[Opening Data to use section]

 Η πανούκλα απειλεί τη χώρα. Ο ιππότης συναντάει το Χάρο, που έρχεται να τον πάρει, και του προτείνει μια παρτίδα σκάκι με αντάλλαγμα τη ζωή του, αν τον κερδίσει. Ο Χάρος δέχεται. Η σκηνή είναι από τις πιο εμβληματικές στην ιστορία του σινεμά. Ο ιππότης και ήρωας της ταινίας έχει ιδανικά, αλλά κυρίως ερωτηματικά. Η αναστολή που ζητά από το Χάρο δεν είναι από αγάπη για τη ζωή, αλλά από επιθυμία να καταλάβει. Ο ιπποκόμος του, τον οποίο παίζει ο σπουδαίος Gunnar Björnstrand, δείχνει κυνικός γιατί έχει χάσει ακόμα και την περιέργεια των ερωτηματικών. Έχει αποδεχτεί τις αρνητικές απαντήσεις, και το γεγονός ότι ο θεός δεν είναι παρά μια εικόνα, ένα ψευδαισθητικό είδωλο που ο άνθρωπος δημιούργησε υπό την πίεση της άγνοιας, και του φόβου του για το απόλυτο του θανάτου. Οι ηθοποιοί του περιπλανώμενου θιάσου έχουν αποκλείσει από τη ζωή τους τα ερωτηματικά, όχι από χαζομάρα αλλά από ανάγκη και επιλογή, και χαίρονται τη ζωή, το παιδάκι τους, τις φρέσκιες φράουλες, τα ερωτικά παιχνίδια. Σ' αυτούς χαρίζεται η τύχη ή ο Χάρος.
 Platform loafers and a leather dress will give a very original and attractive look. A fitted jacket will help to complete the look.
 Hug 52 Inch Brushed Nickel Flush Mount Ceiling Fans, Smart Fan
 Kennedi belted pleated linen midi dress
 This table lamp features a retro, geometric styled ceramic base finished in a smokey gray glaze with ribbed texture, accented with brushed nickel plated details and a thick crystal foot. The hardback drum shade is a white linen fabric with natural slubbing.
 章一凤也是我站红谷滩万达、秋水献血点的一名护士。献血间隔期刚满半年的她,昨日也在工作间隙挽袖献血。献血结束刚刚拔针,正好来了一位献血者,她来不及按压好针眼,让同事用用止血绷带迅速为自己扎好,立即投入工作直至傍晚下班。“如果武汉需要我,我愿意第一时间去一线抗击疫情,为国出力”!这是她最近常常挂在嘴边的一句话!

[Closing Data to use section]
[Opening Data to use section]

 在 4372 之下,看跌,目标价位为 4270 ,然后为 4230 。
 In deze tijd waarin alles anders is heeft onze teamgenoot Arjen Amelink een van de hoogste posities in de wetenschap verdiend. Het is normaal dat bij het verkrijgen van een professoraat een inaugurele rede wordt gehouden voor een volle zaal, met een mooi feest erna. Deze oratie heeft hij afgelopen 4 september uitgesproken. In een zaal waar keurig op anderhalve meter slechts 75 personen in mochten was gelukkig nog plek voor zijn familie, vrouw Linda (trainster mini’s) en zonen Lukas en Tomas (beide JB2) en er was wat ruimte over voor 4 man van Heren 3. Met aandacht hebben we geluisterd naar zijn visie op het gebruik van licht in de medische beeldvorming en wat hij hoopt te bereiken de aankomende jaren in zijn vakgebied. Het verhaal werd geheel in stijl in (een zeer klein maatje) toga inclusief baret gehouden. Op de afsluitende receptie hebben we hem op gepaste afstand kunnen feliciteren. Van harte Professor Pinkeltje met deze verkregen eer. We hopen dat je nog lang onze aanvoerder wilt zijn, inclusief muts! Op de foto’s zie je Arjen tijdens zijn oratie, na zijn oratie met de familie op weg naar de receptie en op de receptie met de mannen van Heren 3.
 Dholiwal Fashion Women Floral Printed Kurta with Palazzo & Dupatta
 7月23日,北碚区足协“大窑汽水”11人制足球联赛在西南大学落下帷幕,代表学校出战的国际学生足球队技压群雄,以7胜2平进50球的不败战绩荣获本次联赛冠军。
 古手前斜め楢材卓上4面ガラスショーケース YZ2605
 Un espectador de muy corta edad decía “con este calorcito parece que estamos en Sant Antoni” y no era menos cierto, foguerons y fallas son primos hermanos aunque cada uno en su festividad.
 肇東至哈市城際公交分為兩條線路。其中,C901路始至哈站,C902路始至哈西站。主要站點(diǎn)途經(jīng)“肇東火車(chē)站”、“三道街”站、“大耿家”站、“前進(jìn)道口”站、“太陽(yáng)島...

[Closing Data to use section]
[Opening Data to use section]

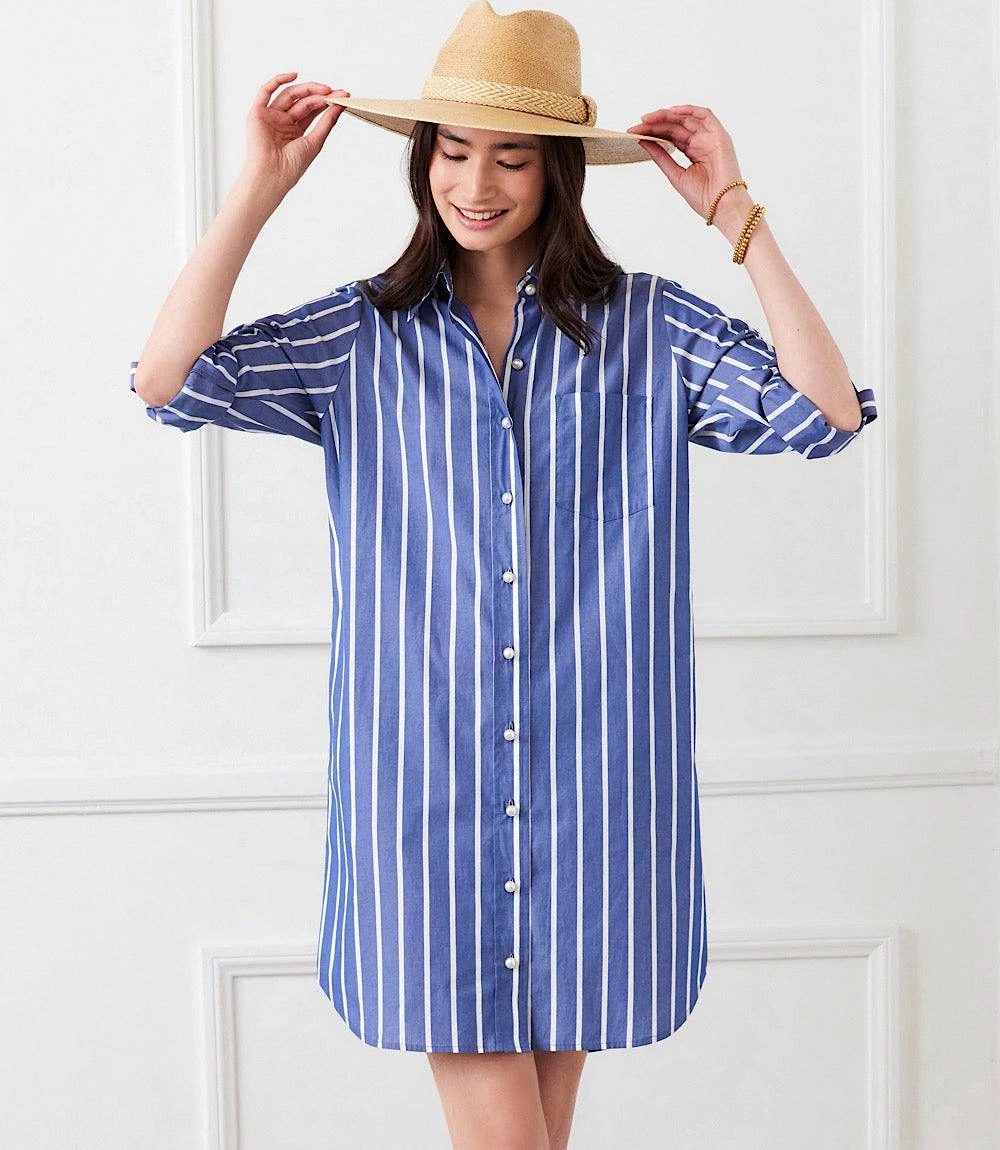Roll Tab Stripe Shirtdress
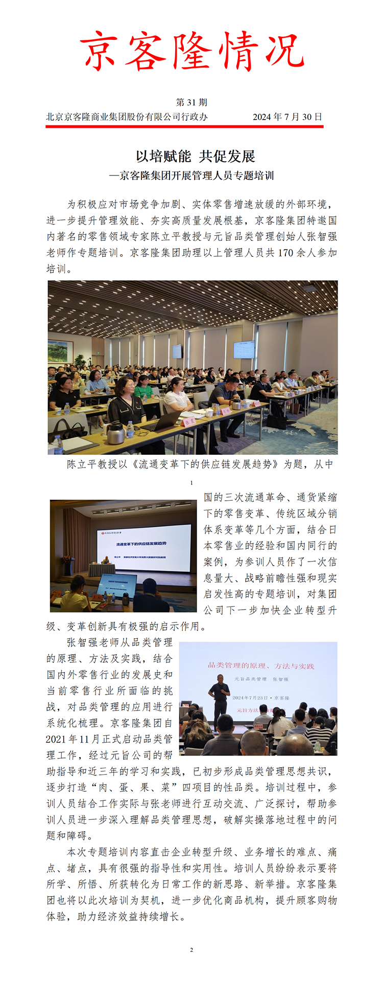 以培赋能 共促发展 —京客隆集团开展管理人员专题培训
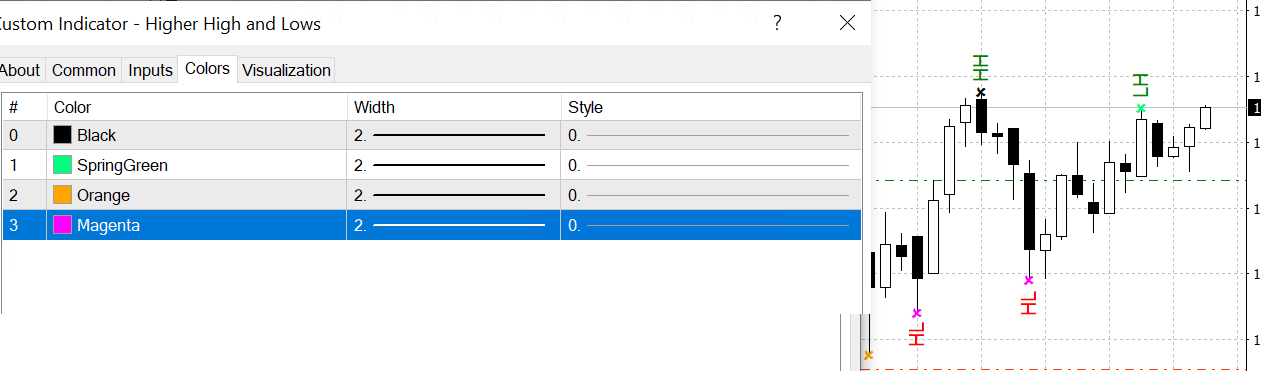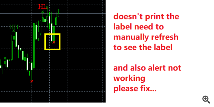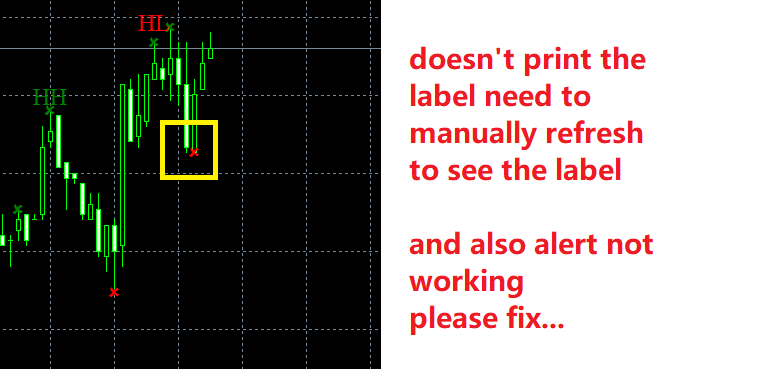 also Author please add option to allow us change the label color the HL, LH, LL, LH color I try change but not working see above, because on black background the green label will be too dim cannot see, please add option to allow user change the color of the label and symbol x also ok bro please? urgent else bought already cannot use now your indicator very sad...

[Closing Data to use section]

• Brief: In the entries above, find the line with "Roll Tab Stripe Shirtdress" and the line with "以培赋能 共促发展 —京客隆集团开展管理人员专题培训". Write out exactly those two lines and every line between them, pictures excluded.

• Task result:
Roll Tab Stripe Shirtdress
 以培赋能 共促发展 —京客隆集团开展管理人员专题培训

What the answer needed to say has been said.